Postscript: If you want an even more absurd example of this data-mining phenomenon, look no further than Steig’s study of Antarctic temperatures.   In the case of proxies, it is possible (though unlikely) that we might really reverse our understanding of how the proxy works based on the regression results. But in Steig, they were taking individual temperature station locations and creating a relationship between them to a synthesized continental temperature number.  Steig used regression techniques to weight various thermometers in rolling up the continental measure.  But five of the weights were negative!!

bar-plot-station-weights

As I wrote then,

Do you see the problem?  Five stations actually have negative weights!  Basically, this means that in rolling up these stations, these five thermometers were used upside down!  Increases in these temperatures in these stations cause the reconstructed continental average to decrease, and vice versa.  Of course, this makes zero sense, and is a great example of scientists wallowing in the numbers and forgetting they are supposed to have a physical reality.  Michael Mann has been quoted as saying the multi-variable regression analysis doesn’t care as to the orientation (positive or negative) of the correlation.  This is literally true, but what he forgets is that while the math may not care, Nature does.

  • Matthew W

    That is a fantastic explanation (even I can understand it) !

  • GP Hanner

    Having been down the econometrics path myself I find your discussion completely in agreement with what my econometrics prof used to harp on. In addition, said prof also pointed out that econometrics is as much art as science. You can make the result look the way you want it to look, given enough time and creativity.

  • Alan D. McIntire

    I had the same problem years ago when I was trying to handicap thoroughbred races. I quickly discovered that it is EASY to get an apparently significant relationship when you have dozens of factors to sift through. Unfortunately for me, those significant relationships rarely held up for future, untested races.
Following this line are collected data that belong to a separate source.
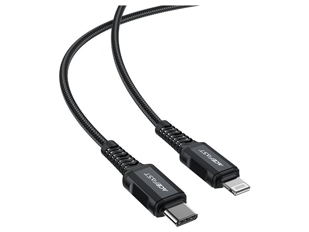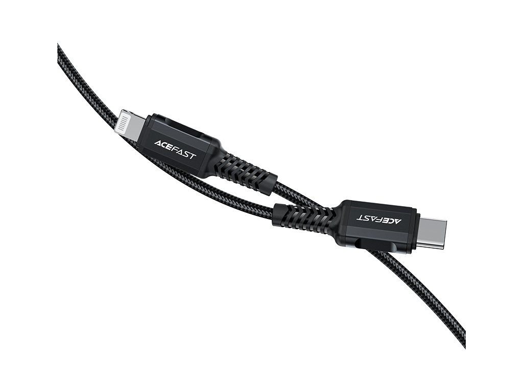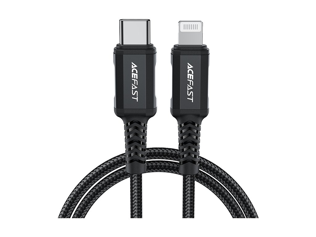 Kabel Acefast USB Type-C - Lightning pro nabíjení a přenos dat. Je určen pro zařízení Apple s konektorem Lightning. Je dlouhý 180 cm a je navržen pro provoz s proudem 30 W a 3 A. Je kompatibilní s rychlonabíjením Power Delivery. Má certifikaci MFI (Maide For iPhone), takže telefon nezobrazí hlášení o neoriginálním příslušenství. Celá délka kabelu je opletena nylonem. Zástrčky mají hliníkové pouzdro. Konce kabelu mají krytky, které zabraňují poškození v místech, kde se nejčastěji ohýbají.
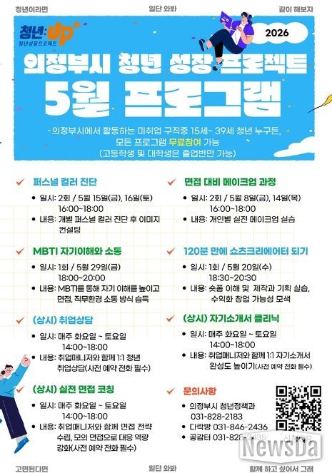 뉴스다 최광묵 기자 | 의정부시는 미취업 청년의 취업 준비 역량 강화를 위해 ‘청년성장프로젝트’ 5월 프로그램을 운영한다.
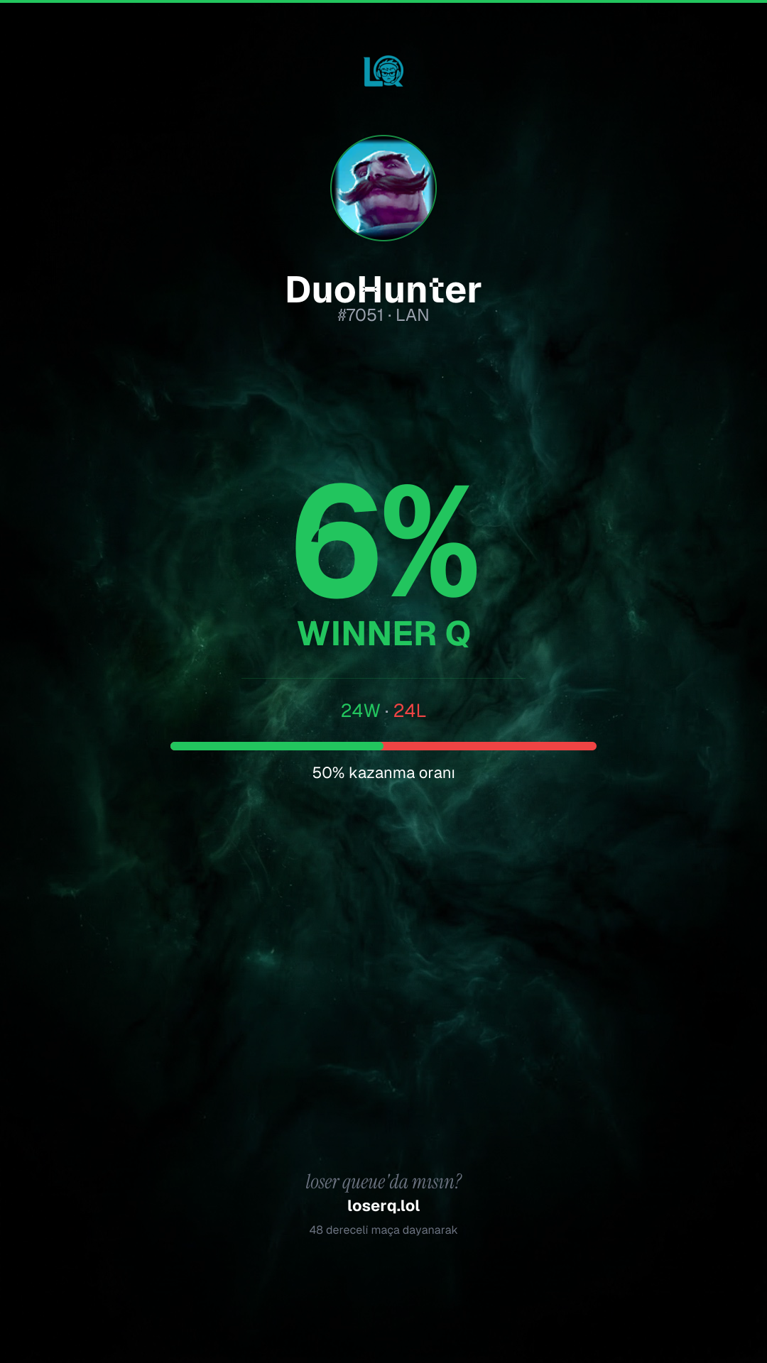 24 galibiyet, 24 mağlubiyet — 50% kazanma oranı.
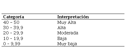 Los resultados son presentados según el baremo de interpretación como se muestra en la tabla 1
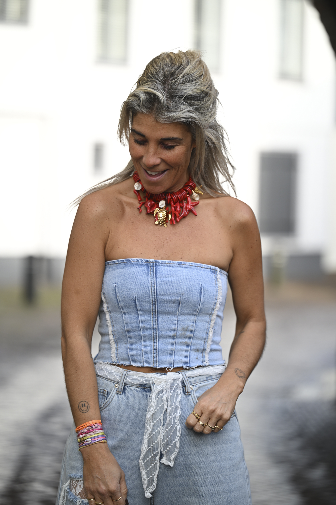 Jeans Top Fee heeft een elastische band aan de achterkant en een ritsje aan de zijkant. Op de foto draag ik maat S. Deze top is voornamelijk geschikt voor fashionista’s met een kleinere cupmaat.
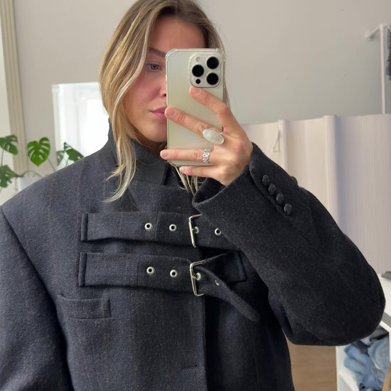 Recreated blazer jacket with adjustable straps made from high quality vintage blazer (jacket is suitable for outdoor)
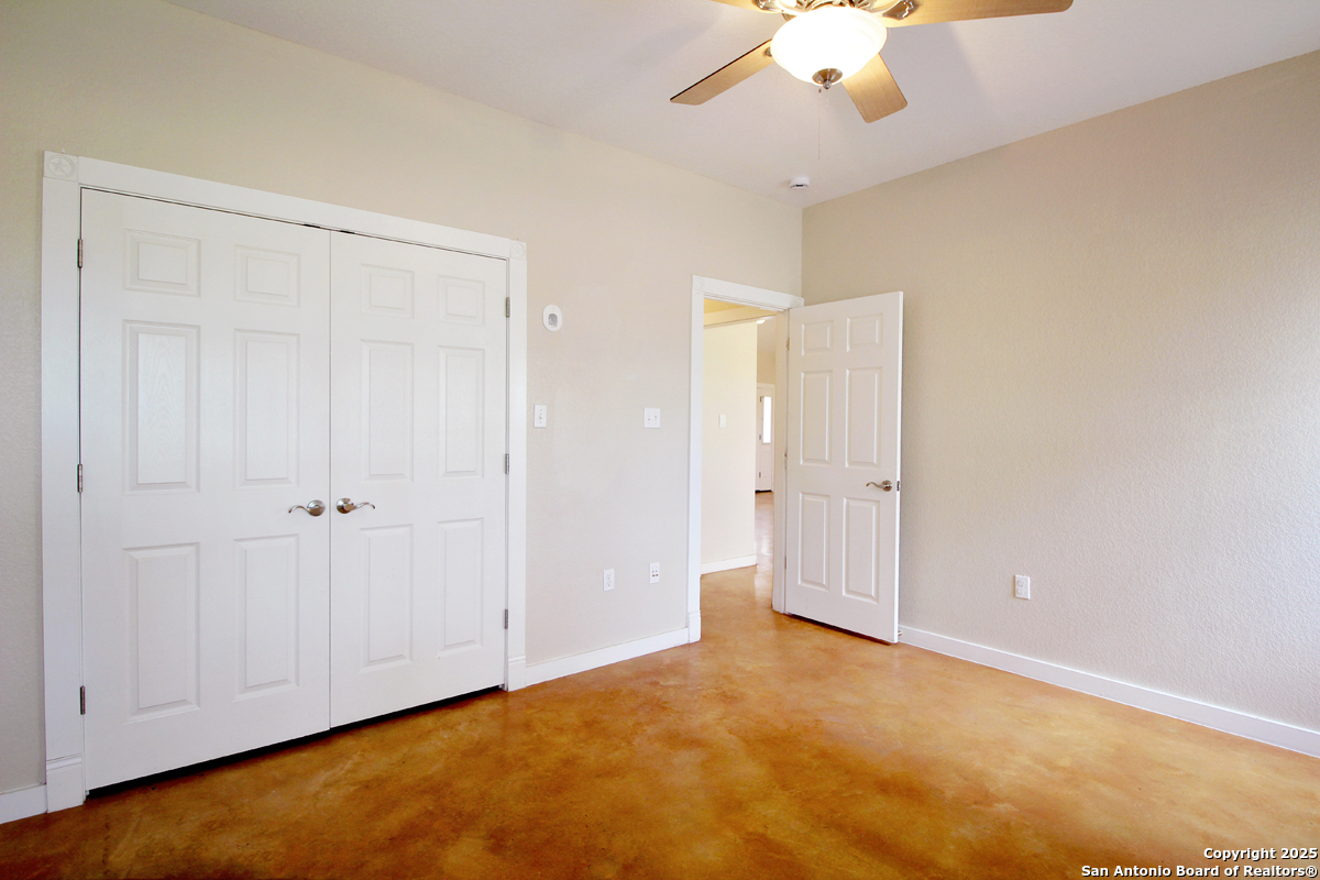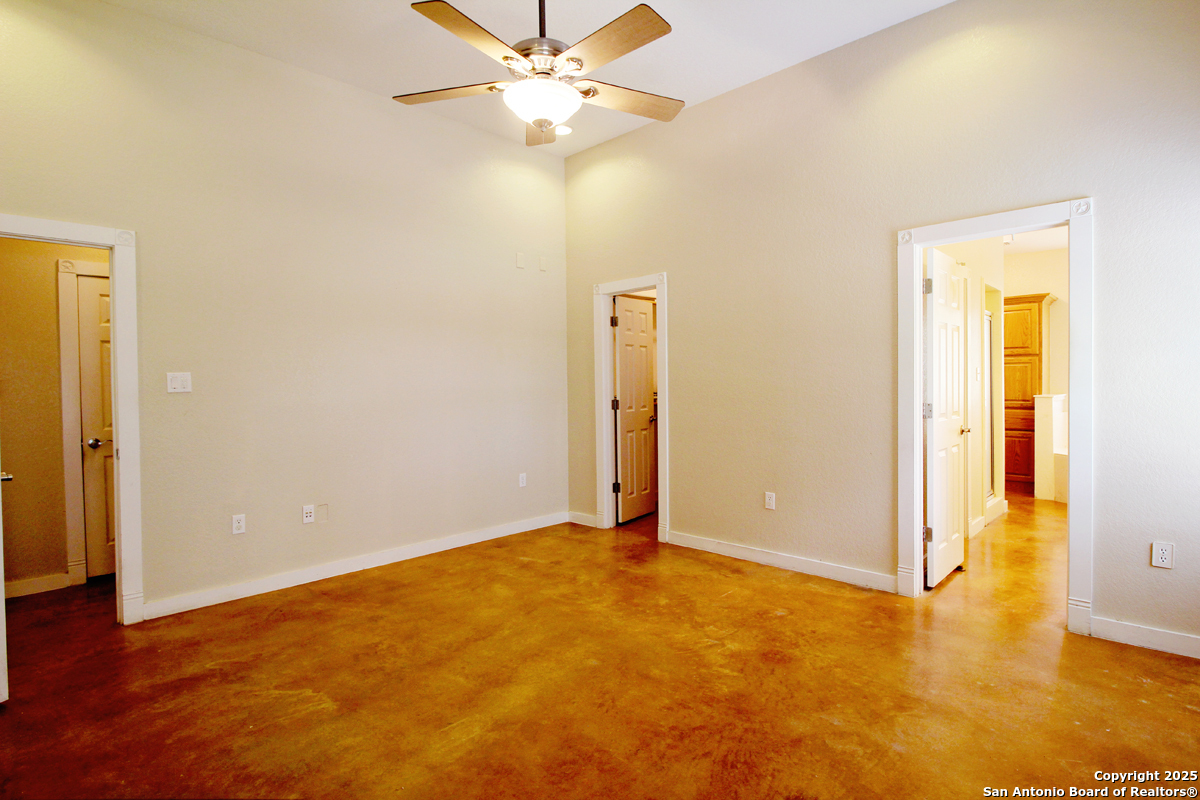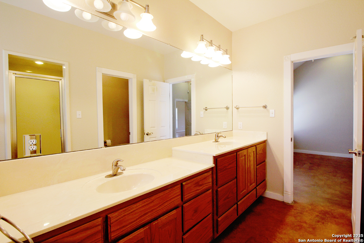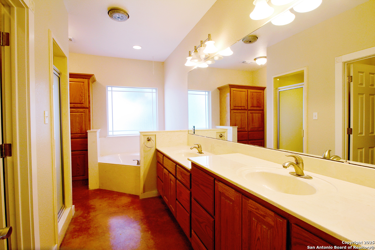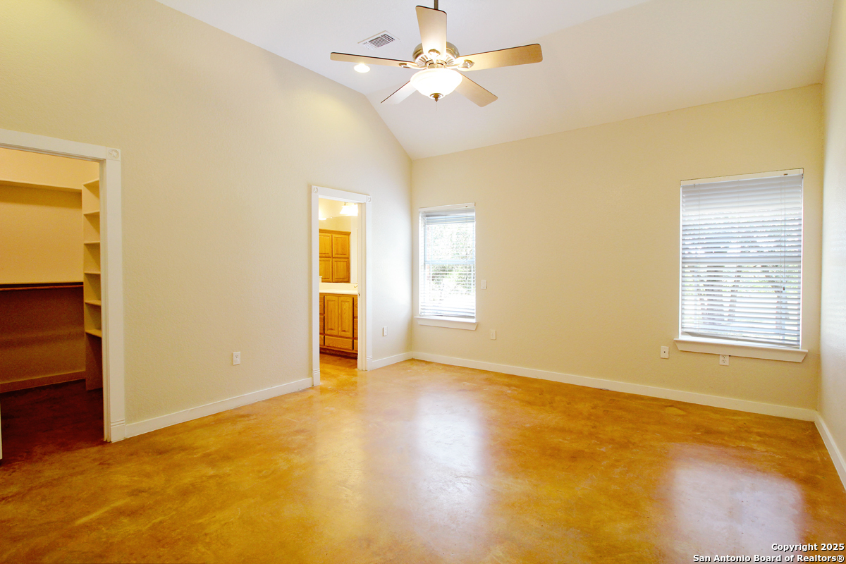 Step into the Texas Hill Country in the quiet, peaceful and relaxing Stallion Estates subdivision. This spacious and open floor plan was perfectly designed for this country home. Special features include a massive rock fireplace, split bedrooms, high ceilings and stained concrete floors throughout. The gourmet island kitchen features SS appliances and multiple custom cabinets. Every room was well thought-out in design and function. Built-ins include an office with generous desktops, cabinets and storage, large utility room with more counter workspace and another work room in the garage. Oversized garage with spacious driveway. Very nice, covered backyard patio. US 281 provides immediate access to San Antonio and Blanco, Johnson City and Austin.
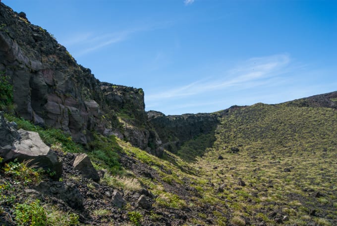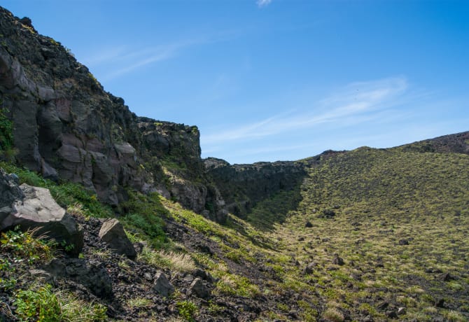 Take a closer look at the reddish-brown sediment in the caldera by following the summit trail—known as the Ohachi-meguri course—encircling the volcanic crater, which is about 300 meters in diameter.
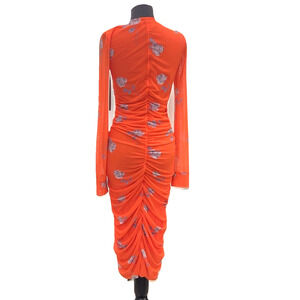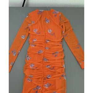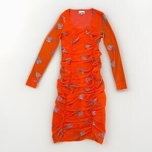 GANNI Floral Ruched Midi Dress Women's 38(6) Orange Long Sleeved Lined
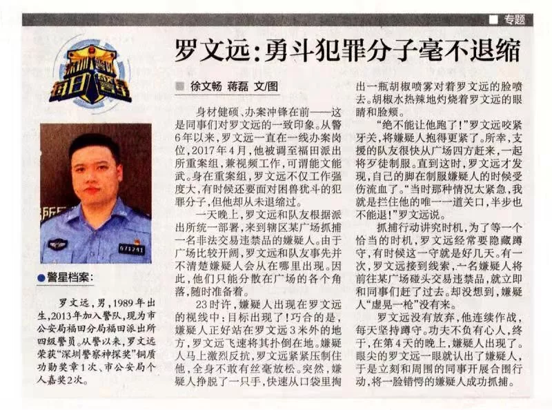 羅文遠(yuǎn),男,1989年出生,2013年加入警隊(duì),現(xiàn)為深圳市公安局福田分局福田派出所四級(jí)警員。從警以來(lái),羅文遠(yuǎn)榮獲“深圳警察神探獎(jiǎng)”銅質(zhì)功勛獎(jiǎng)?wù)?次、市公安局個(gè)人嘉獎(jiǎng)2次。
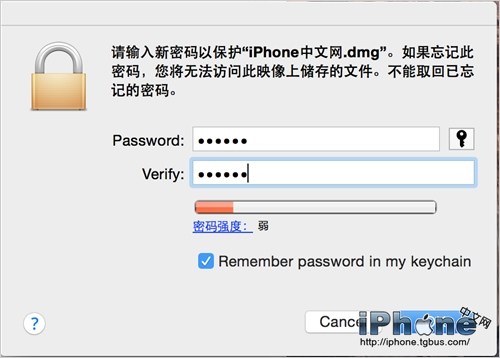 選擇一種加密方式(128位AES加密足夠了)輸2次密碼,注意,那個“驗證”不是什麼驗證碼或是密碼提示問題,只是再輸一次密碼(這個漢化翻譯的很郁悶)。建議不要選擇“在我的鑰匙串記住密碼”。
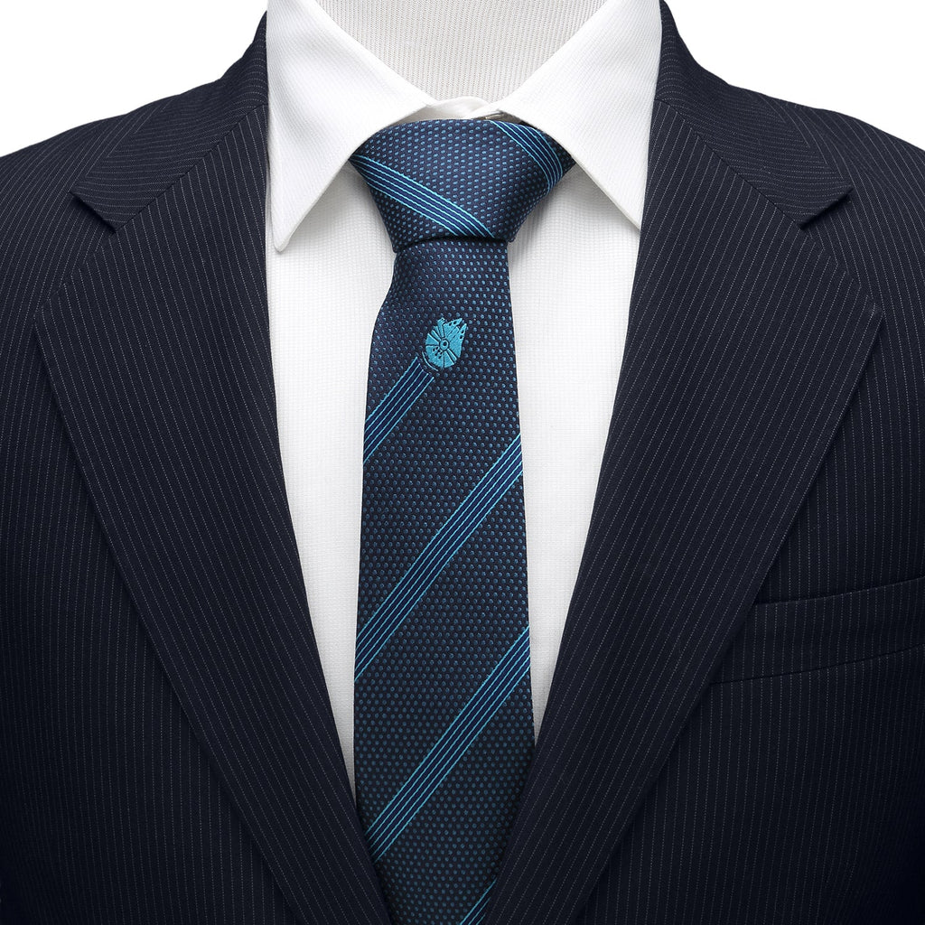 Make a statement in this clever azure blue and navy striped tie. While most ties will hide the logo when a suit jacket is buttoned up, our unique design ensures the flying Millennium Falcon icon remains front and center, even when the occasion calls for buttons. Enjoy the feel of 100% silk and turn your tie over to locate an embroidered logo. Officially licensed by Lucasfilm LTD.
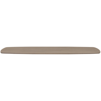 Het blad is gemaakt van stroken verlijmd eikenhout met vingerlasverbindingen die zorgen voor een natuurlijk en speels patroon. Onbehandeld eikenhout heeft een lichtbruine tint met een zachte gele gloed en een duidelijke nerftekening. Omdat hout een natuurproduct is, heeft ieder blad een eigen karakter. De licht geborstelde afwerking benadrukt de nerven en versterkt de uitstraling van de kleur. Voor dit blad is FSC-gecertificeerd eikenhout toegepast.
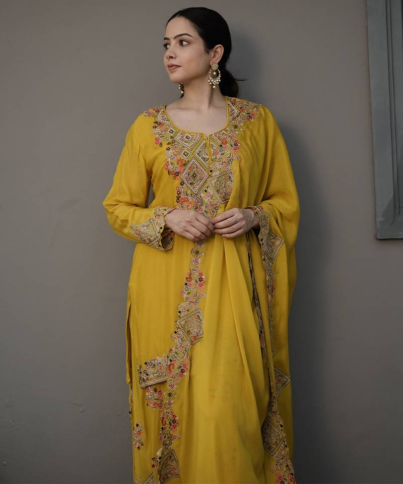 | Product Description | This Yellow Embroidered Chiffon Sharara Set Exudes Fresh Elegance And Festive Charm. Crafted From Lightweight Chiffon Fabric, It Features Intricate Embroidery That Adds A Graceful, Airy Touch. Perfect For Weddings And Celebrations, It Offers A Flowing Silhouette With Timeless Traditional Appeal.

    What any scientific, as opposed to pseudoscientific, process should do is
    break the calibration period into two halves. Use one half to make up your theoretical relationship, use the other half to test your hypothesis. I get the impression that all tree ring temperature proxies are pseudoscientific.

  • SB7

    Except for your use of “data-mining” as a bit of a smear in the postscript, I’m right with you. Data mining is just a discipline; its techniques can be used or misused like any other. In fact, the number one rule my data mining prof had for us — and he drummed it in as thoroughly as your econ prof did — is that “domain knowledge comes first.” All the machine learning techniques in the world don’t mean anything unless you understand the underlying system. His second commandment was, as Alan mentions, “always validate on withheld data.” It blows me away that people don’t bother to do that either.

  • stan

    Michael Mann is the perfect case study for the adage — “a little bit of knowledge is a dangerous thing.”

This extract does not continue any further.